» **What needs to be done**
Copy each line of the records below that mentions the word "right".
• • • •
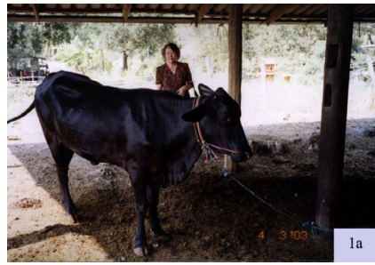
Figure 1: First cloning heifer Ing (Brangus, picture 1-a) in twinning with AI male OUN (picture 1-b), they were born on 6 March 2000, picture with Professor Maneewan Kamonpatana took on 4 th March 2003 when Ing was nearly 3 years old.
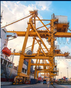
CRANES & LIFTING

Find encoders with the right mechanics, electronics and certifications at leinelinde.com/productfinder
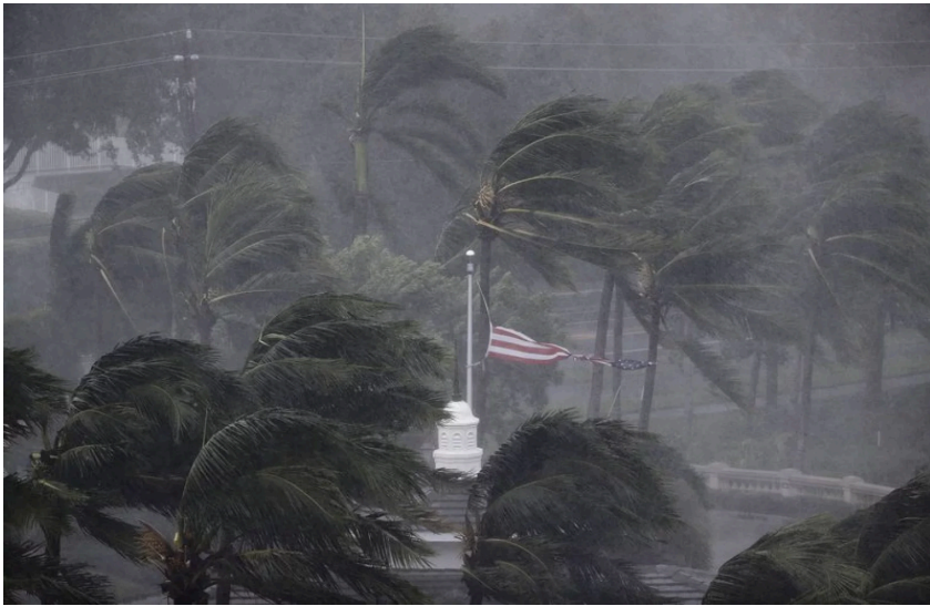
An American flag is torn as Hurricane Irma passes through Naples, Fla., Sunday, Sept. 10, 2017.
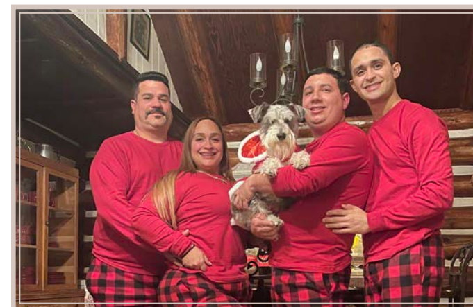
Our friendship is extraordinary

“Both of our families are very caring and supportive, and they are so excited to welcome a new addition to our family via adoption.”
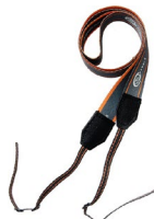
meter strap (type M-1)
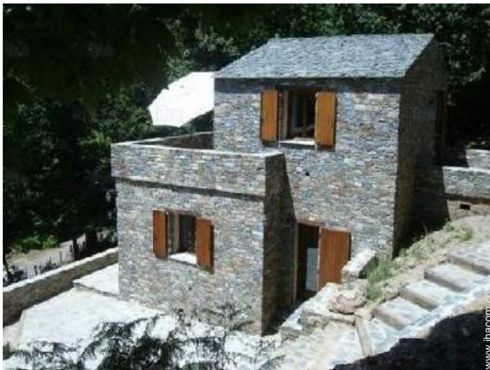
view over the mountain
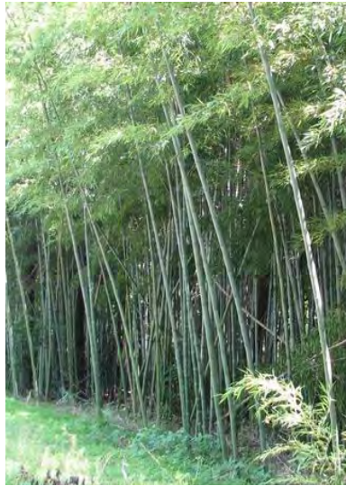
Timber bamboo

These three bamboo species thrive in full sun, but will grow well in sparsely wooded secondary forests. The most vigorous growth occurs in moist, deep, loamy soils, where these bamboo can spread rapidly.
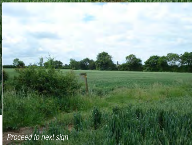
Proceed to next sign

Continue along the field edge to the way marker in the gap in the hedge (W). (The final part of this is right of way 31.)
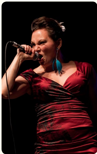
Trailblazer and award-winning Inuit Throat Singer Tanya Tagaq.

What is a trail? It might be a pathway through the forest that crosses your traditional territory. It could be a journey taken by a group of Indigenous people at some time in their history. It may be more of an idea, a path opened up by an Indigenous role model or leader for others to follow. Decide what this topic means to you and follow your own path to create an original piece of writing.
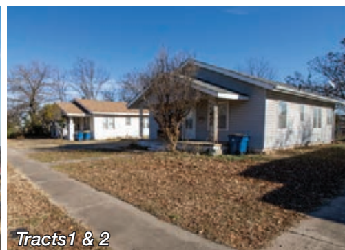
Tracts 1 & 2
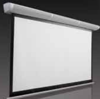
100-inch electric screen with integrated LCR speakers
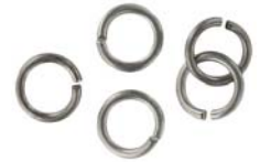
JR8MM/SS OD 8mm 1.2mm, (17ga)
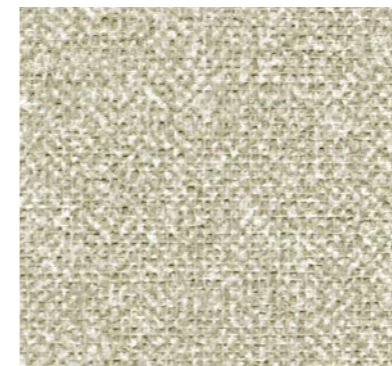
KL483 DOWNING STONE
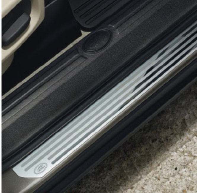
Stainless Steel Sill Tread Plate Covers front and rear door sills. EBN500041
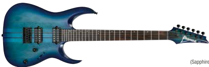
SBF (Sapphire Blue Flat)
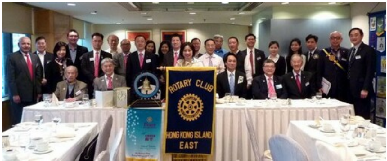
Group photo with members, visiting Rotarians & guests
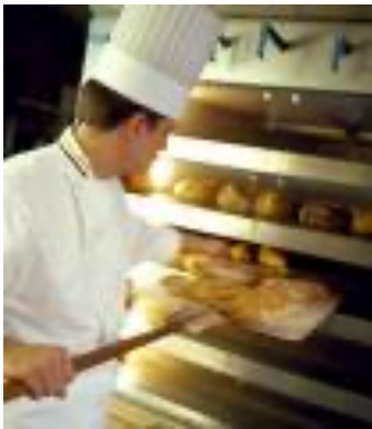
Threads A: produce loaves of bread and put them in the queue
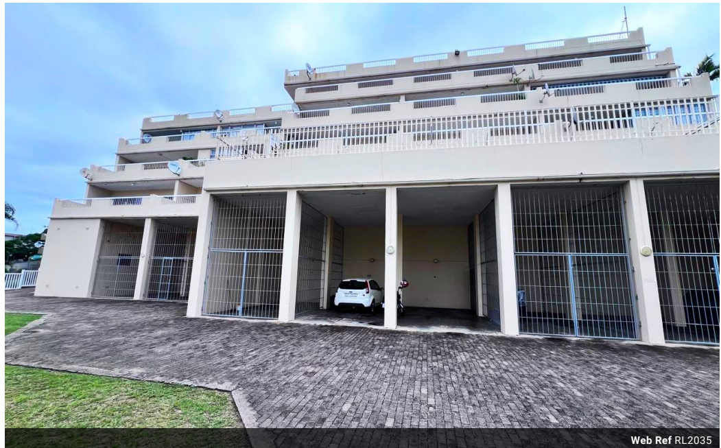
Web Ref RL2035

No 1 Bank Street (Corner Bank Street and Marine Drive) Margate KwaZulu Natal
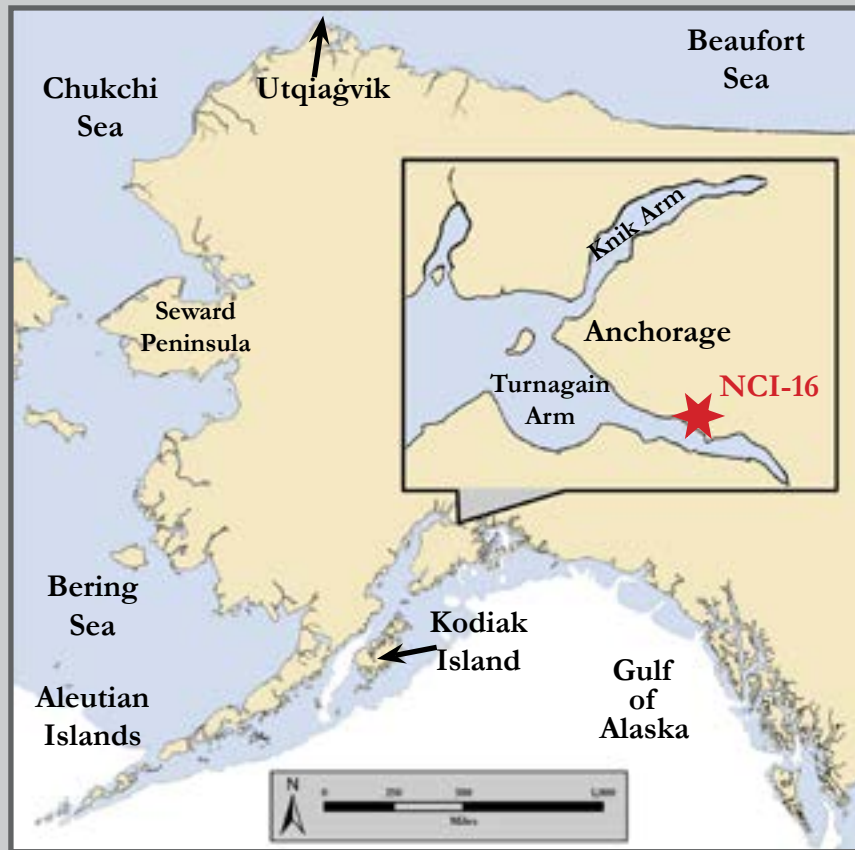
Location of NCI-16
• • • •
» **Output for this exercise**
Find encoders with the right mechanics, electronics and certifications at leinelinde.com/productfinder
Continue along the field edge to the way marker in the gap in the hedge (W). (The final part of this is right of way 31.)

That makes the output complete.